[Data extract Boundary: Start]

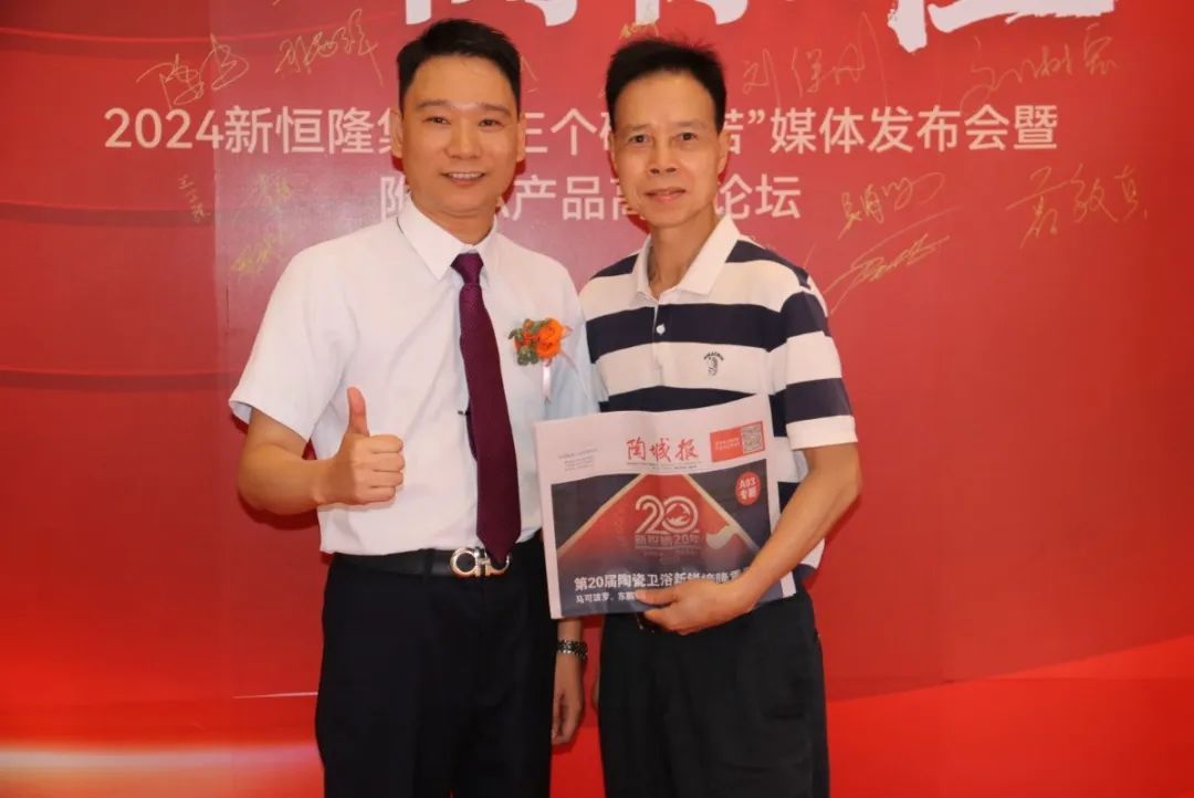 廣東新恒隆集團總經理羅浩彬、廣東新恒隆集團營銷總經理蔡旻高、廣東新恒隆集團品牌營銷總經理羅順機、廣東新恒隆集團品牌營銷總經理 羅浩鑒、廣東新恒隆集團市場總監曾小娟等集團高層領導、特邀經銷商代表和佛山市佛山標準和卓越績效管理促進會秘書長朱悅夫、佛山市質量計量監督檢測中心(國家陶瓷及水暖衛浴產質量檢驗檢測中心)部長吳清良、智造聯盟董事長金亞范、家居視界總經理張英權等特邀重磅嘉賓出席了本次發布會,共同見證了這一具有里程碑意義的時刻。本次盛會還得到了智造聯盟、陶城報、中國陶瓷網、華夏陶瓷網、陶瓷信息、陶瓷資訊、佛山日報、設計好物、華人設計師、中國陶瓷家居網、陶瓷深度、陶瓷世界、華南家居網等一眾主流媒體大力支持和持續爭相報道,活動熱度不減。
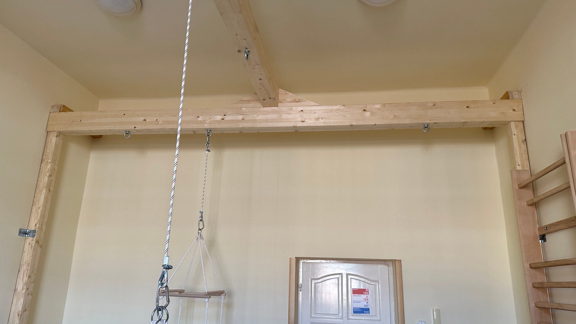 10 mm vastag parkettamintás sportpadlós kialakítású fa gerendázattal megépített, nagy légterű mozgásfejlesztő terem, belmagassága 4 méter. Hinták számára kialakított terem 2 felnőtt és 2 óvodai bordásfallal, sok eszközzel felszerelve, melyeket folyamatosan bővítünk.
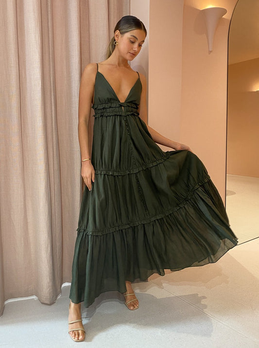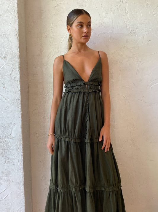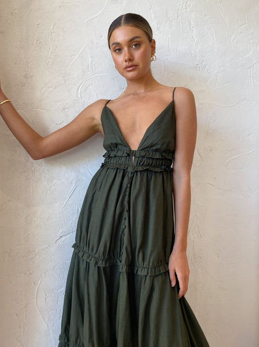 Joslin Liana 2.0 Linen Maxi Dress in Forest
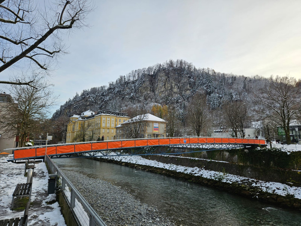 Der Illsteg in Feldkirch im orangefarbenen Kleid
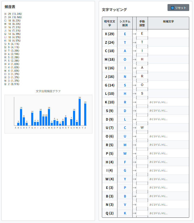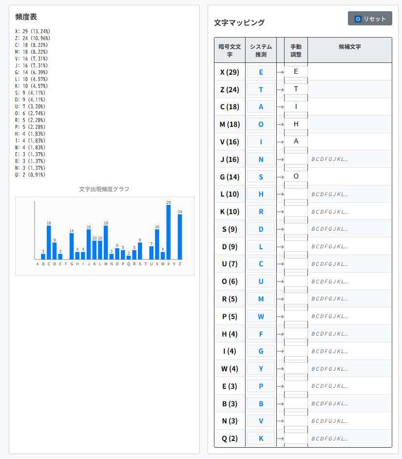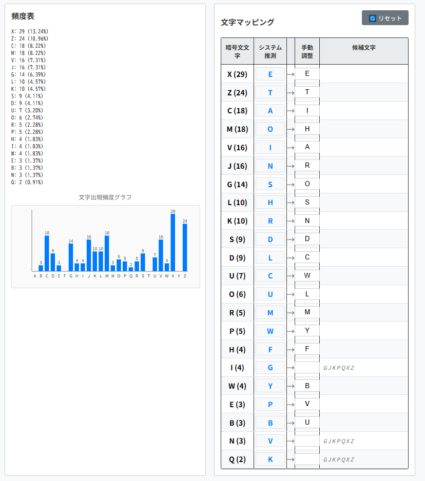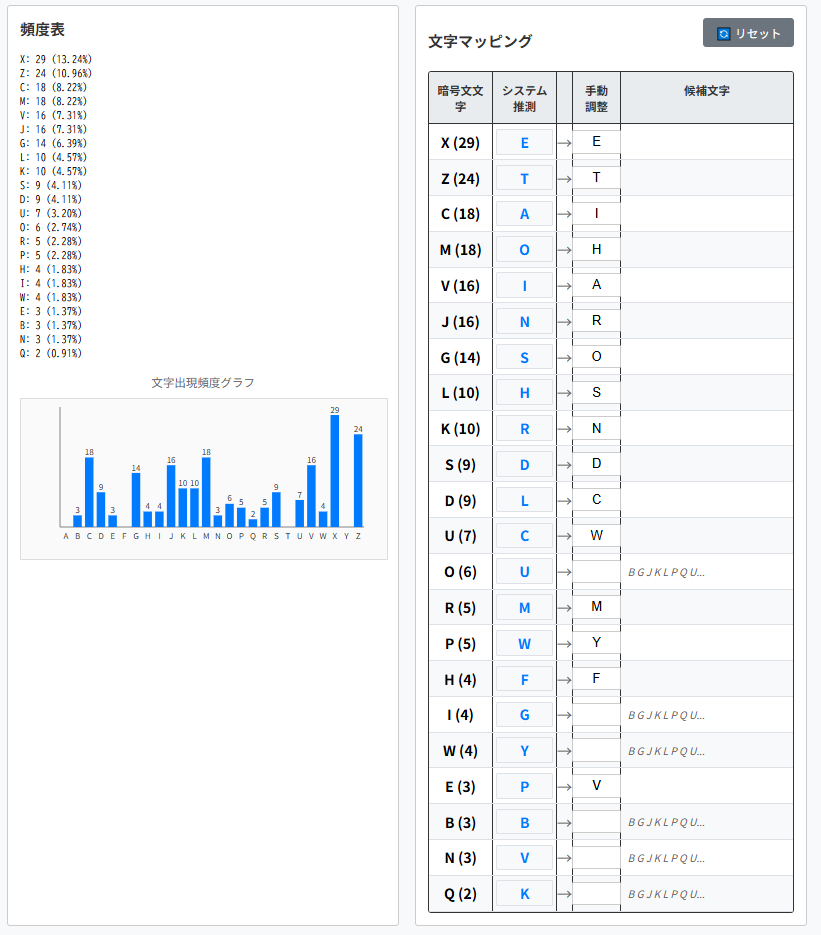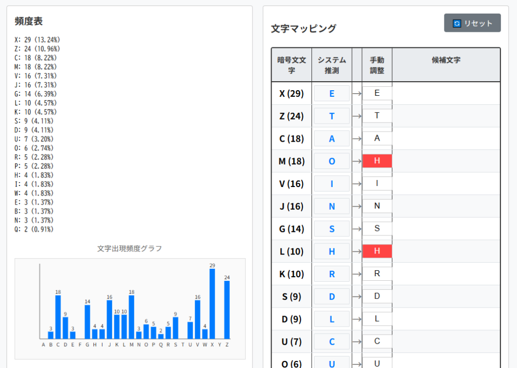そのため頻出単語をヒントとして解読を進められます。
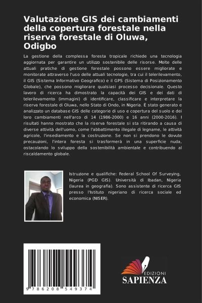 La gestione della complessa foresta tropicale richiede una tecnologia aggiornata per garantire un utilizzo sostenibile delle risorse. Molte delle attuali pratiche di gestione forestale possono essere migliorate e monitorate attraverso l'uso delle attuali tecnologie, tra cui il telerilevamento, il GIS (Sistema Informativo Geografico) e il GPS (Sistema di Posizionamento Globale), che possono migliorare qualsiasi processo decisionale. Questo lavoro di ricerca ha dimostrato la capacità dei GIS e dei dati di telerilevamento (immagini) di identificare, classificare e interpretare la riserva forestale di Oluwa, nello Stato di Ondo, in Nigeria. È stato generato e analizzato un database GIS delle categorie di uso e copertura del suolo e dei loro cambiamenti nell'arco di 14 (1986-2000) e 16 anni (2000-2016). I risultati hanno mostrato che la riserva forestale si sta ritirando a causa di diverse attività dell'uomo, come l'abbattimento illegale di legname, le attività agricole, l'insediamento e la costruzione. Se non si prendono le dovute precauzioni, l'intera foresta si trasformerà in una superficie nuda, ostacolando lo sviluppo della sostenibilità ambientale e contribuendo al riscaldamento globale.
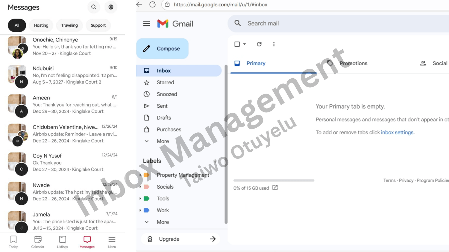 I organize and manage inboxes for busy professionals and hosts using tools like Gmail, Airbnb, Hospitable and other PMS, OTA.
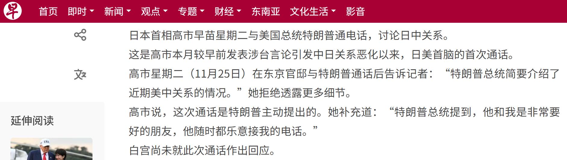 特朗普挂断中方电话后,第一时间要求与日本首相高市早苗通电话,并且一天都不愿意等,直接就安排上了,两人通话的时间是东京时间25日上午,这个时间是美国凌晨,可见特朗普的急切。

[Data extract Boundary: End]

**Exercise objective**
Please reproduce the entries above exactly, from their first line to the line holding "La gestione della" inclusive, and nothing else; the pictures stay out.

**Exercise output**
 廣東新恒隆集團總經理羅浩彬、廣東新恒隆集團營銷總經理蔡旻高、廣東新恒隆集團品牌營銷總經理羅順機、廣東新恒隆集團品牌營銷總經理 羅浩鑒、廣東新恒隆集團市場總監曾小娟等集團高層領導、特邀經銷商代表和佛山市佛山標準和卓越績效管理促進會秘書長朱悅夫、佛山市質量計量監督檢測中心(國家陶瓷及水暖衛浴產質量檢驗檢測中心)部長吳清良、智造聯盟董事長金亞范、家居視界總經理張英權等特邀重磅嘉賓出席了本次發布會,共同見證了這一具有里程碑意義的時刻。本次盛會還得到了智造聯盟、陶城報、中國陶瓷網、華夏陶瓷網、陶瓷信息、陶瓷資訊、佛山日報、設計好物、華人設計師、中國陶瓷家居網、陶瓷深度、陶瓷世界、華南家居網等一眾主流媒體大力支持和持續爭相報道,活動熱度不減。
 10 mm vastag parkettamintás sportpadlós kialakítású fa gerendázattal megépített, nagy légterű mozgásfejlesztő terem, belmagassága 4 méter. Hinták számára kialakított terem 2 felnőtt és 2 óvodai bordásfallal, sok eszközzel felszerelve, melyeket folyamatosan bővítünk.
 Joslin Liana 2.0 Linen Maxi Dress in Forest
 Der Illsteg in Feldkirch im orangefarbenen Kleid
そのため頻出単語をヒントとして解読を進められます。
 La gestione della complessa foresta tropicale richiede una tecnologia aggiornata per garantire un utilizzo sostenibile delle risorse. Molte delle attuali pratiche di gestione forestale possono essere migliorate e monitorate attraverso l'uso delle attuali tecnologie, tra cui il telerilevamento, il GIS (Sistema Informativo Geografico) e il GPS (Sistema di Posizionamento Globale), che possono migliorare qualsiasi processo decisionale. Questo lavoro di ricerca ha dimostrato la capacità dei GIS e dei dati di telerilevamento (immagini) di identificare, classificare e interpretare la riserva forestale di Oluwa, nello Stato di Ondo, in Nigeria. È stato generato e analizzato un database GIS delle categorie di uso e copertura del suolo e dei loro cambiamenti nell'arco di 14 (1986-2000) e 16 anni (2000-2016). I risultati hanno mostrato che la riserva forestale si sta ritirando a causa di diverse attività dell'uomo, come l'abbattimento illegale di legname, le attività agricole, l'insediamento e la costruzione. Se non si prendono le dovute precauzioni, l'intera foresta si trasformerà in una superficie nuda, ostacolando lo sviluppo della sostenibilità ambientale e contribuendo al riscaldamento globale.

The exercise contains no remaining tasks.